Pictures are to be left out, and only the lines from the one with "为深入学习贯彻2026年全国" through the last line of the listing below are to be repeated exactly.
Top of Source material
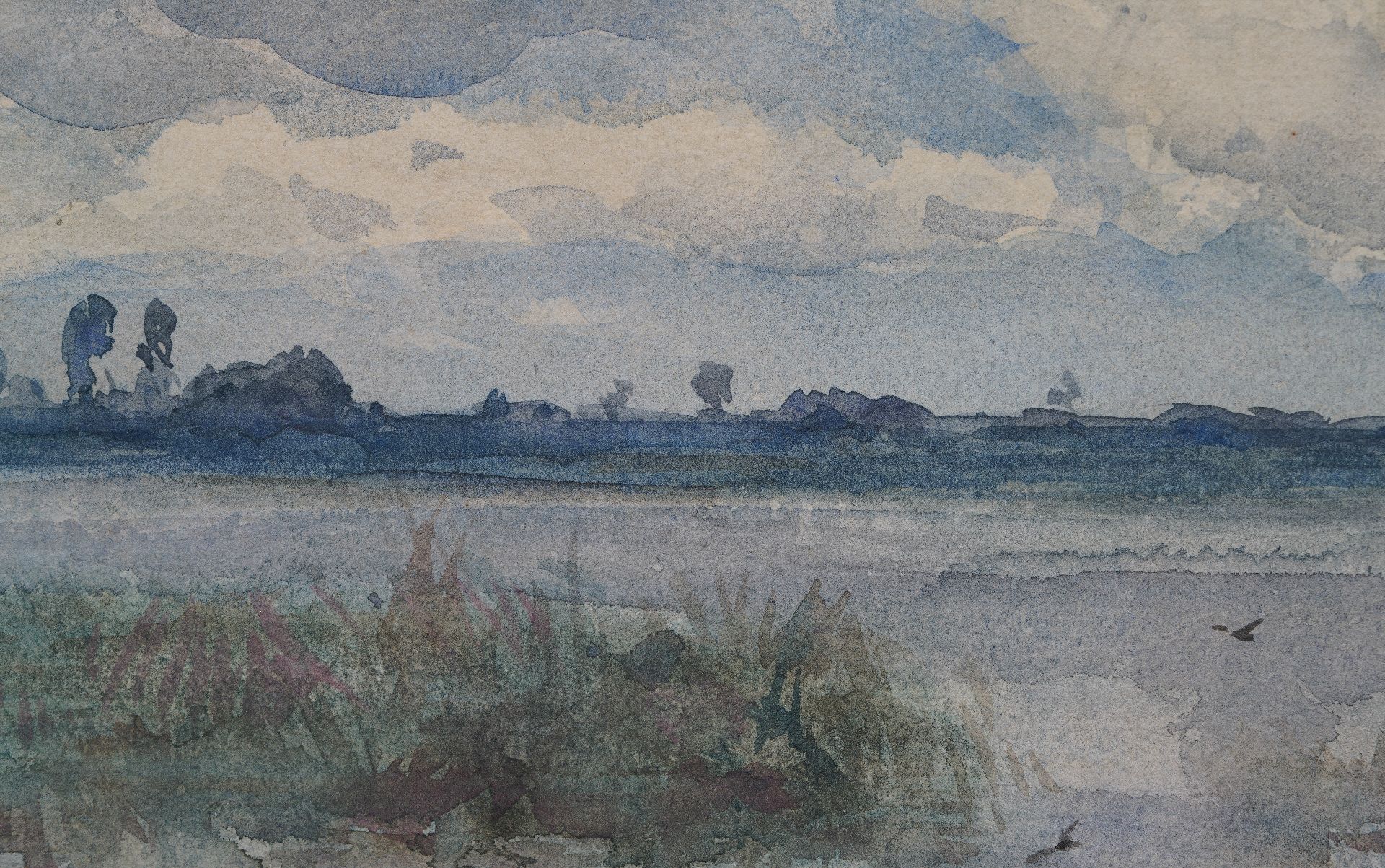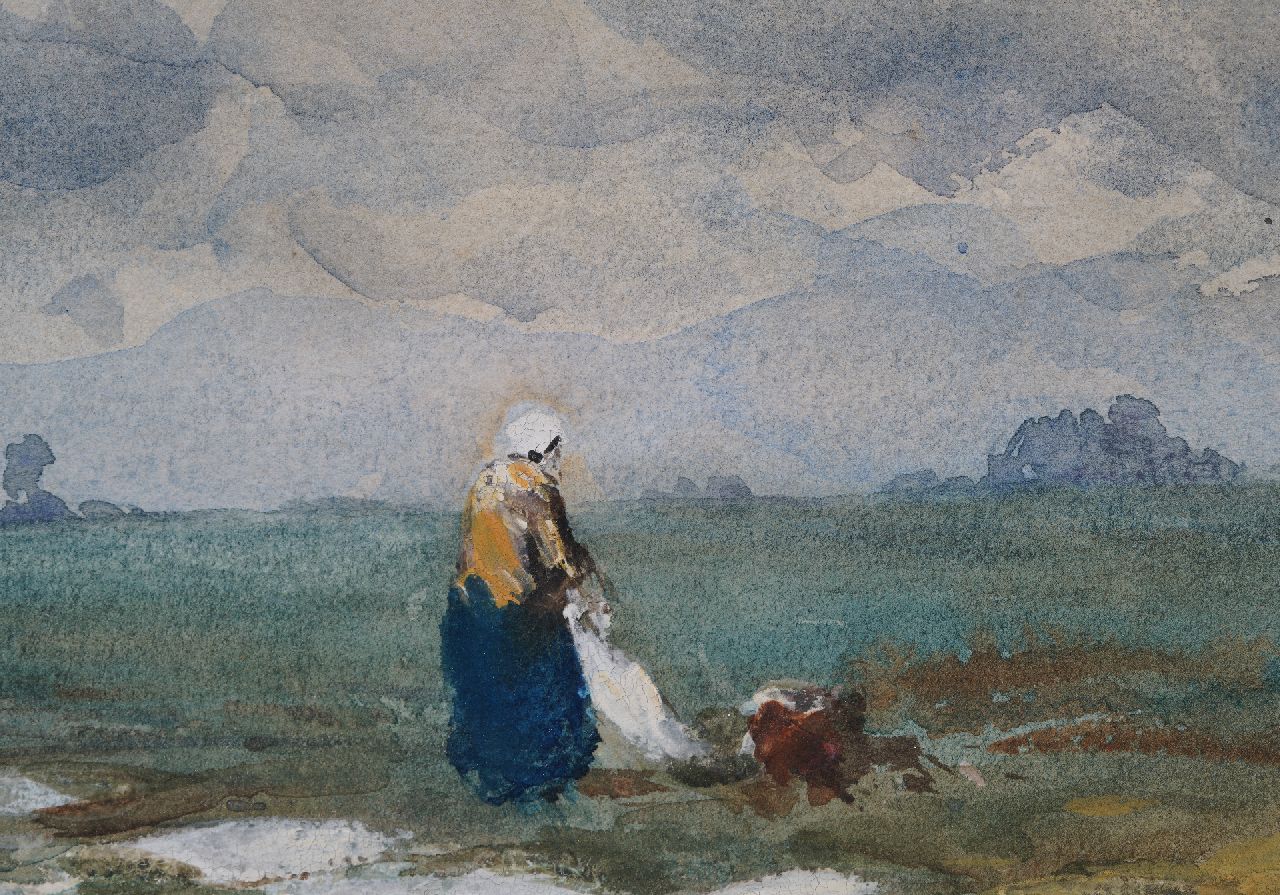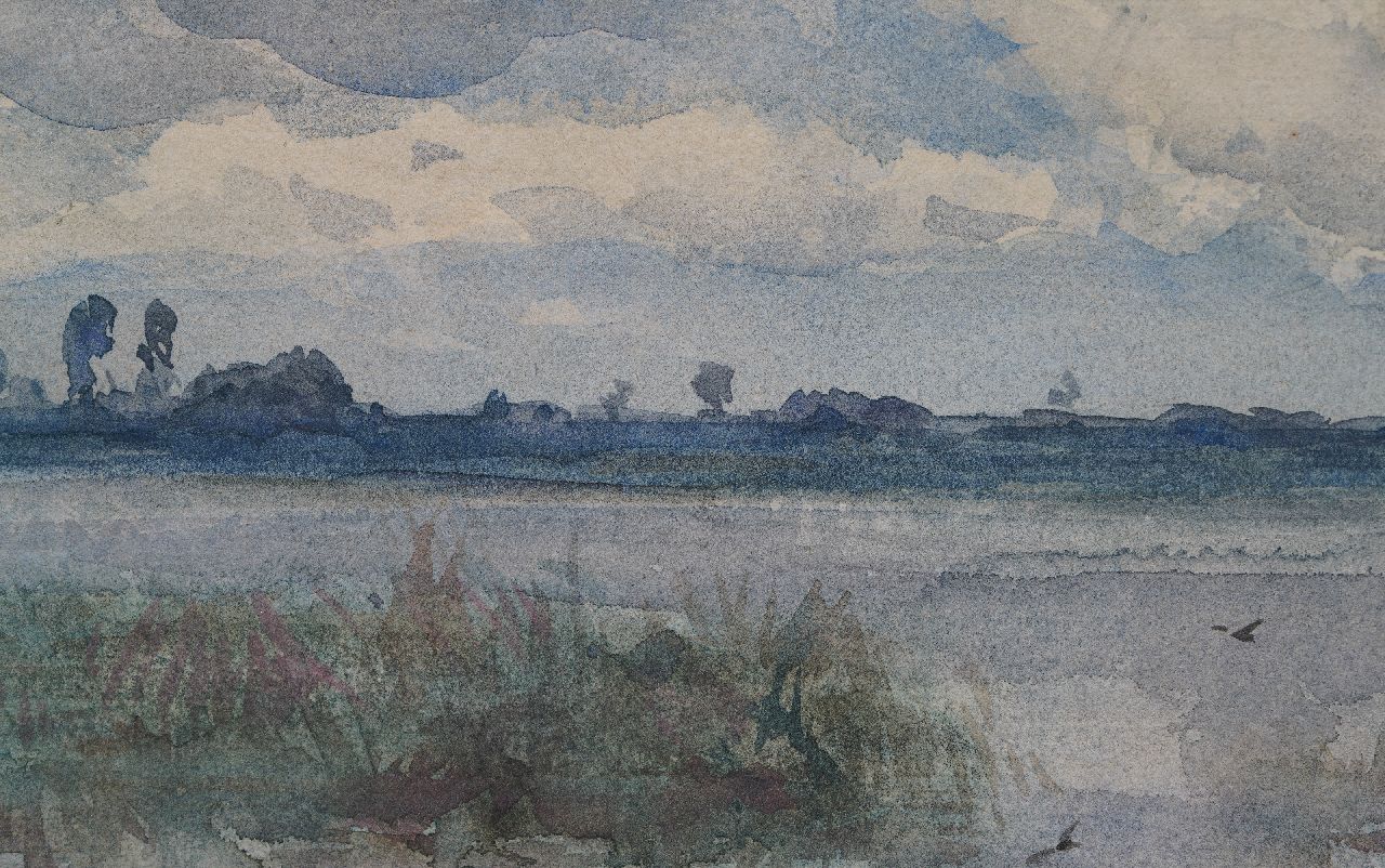 Willem Roelofs Kunstwerk • Aquarell • Zeichnung • zu verkaufen Water landscape with bleaching field
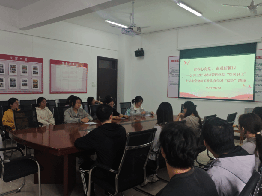 为深入学习贯彻2026年全国两会精神,准确把握国家发展大势,引导广大青年学子将专业所学与国家卫生健康事业发展紧密结合起来,3月24日,公共卫生与健康管理学院“红医卫士”大学生党建研习社认真学习2026年全国两会精神,开展交流研讨,党建研习社全体社员参加。
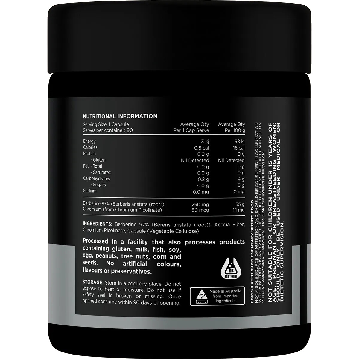 Berberine 97% (Bereris Aristata (Root)), Acacia Fiber, Chromium Picolinate, Capsule (Vegetable Cellulose)
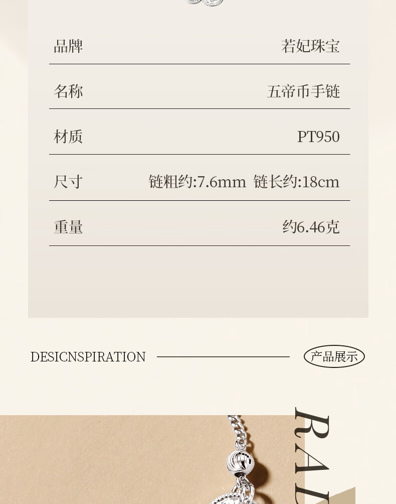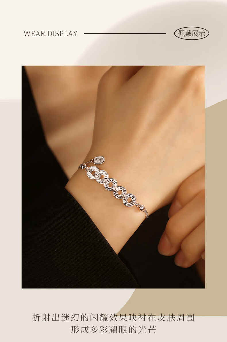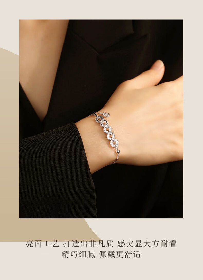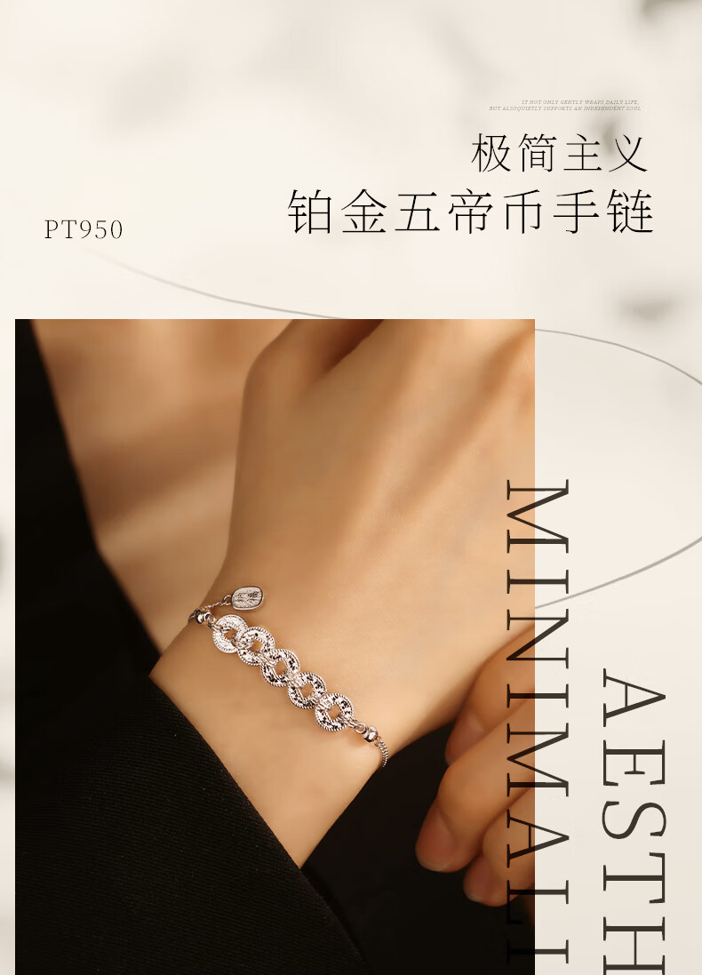 Ruofei platinum bracelet for women pt950 platinum women's bracelet to attract wealth and blessings Five Emperors Coin bracelet birthday gift for girlfriend 6.6-6.9g/length 16.5-19cm adjustable
Bottom of Source material
Answer to this problem:
 为深入学习贯彻2026年全国两会精神,准确把握国家发展大势,引导广大青年学子将专业所学与国家卫生健康事业发展紧密结合起来,3月24日,公共卫生与健康管理学院“红医卫士”大学生党建研习社认真学习2026年全国两会精神,开展交流研讨,党建研习社全体社员参加。
 Berberine 97% (Bereris Aristata (Root)), Acacia Fiber, Chromium Picolinate, Capsule (Vegetable Cellulose)
 Ruofei platinum bracelet for women pt950 platinum women's bracelet to attract wealth and blessings Five Emperors Coin bracelet birthday gift for girlfriend 6.6-6.9g/length 16.5-19cm adjustable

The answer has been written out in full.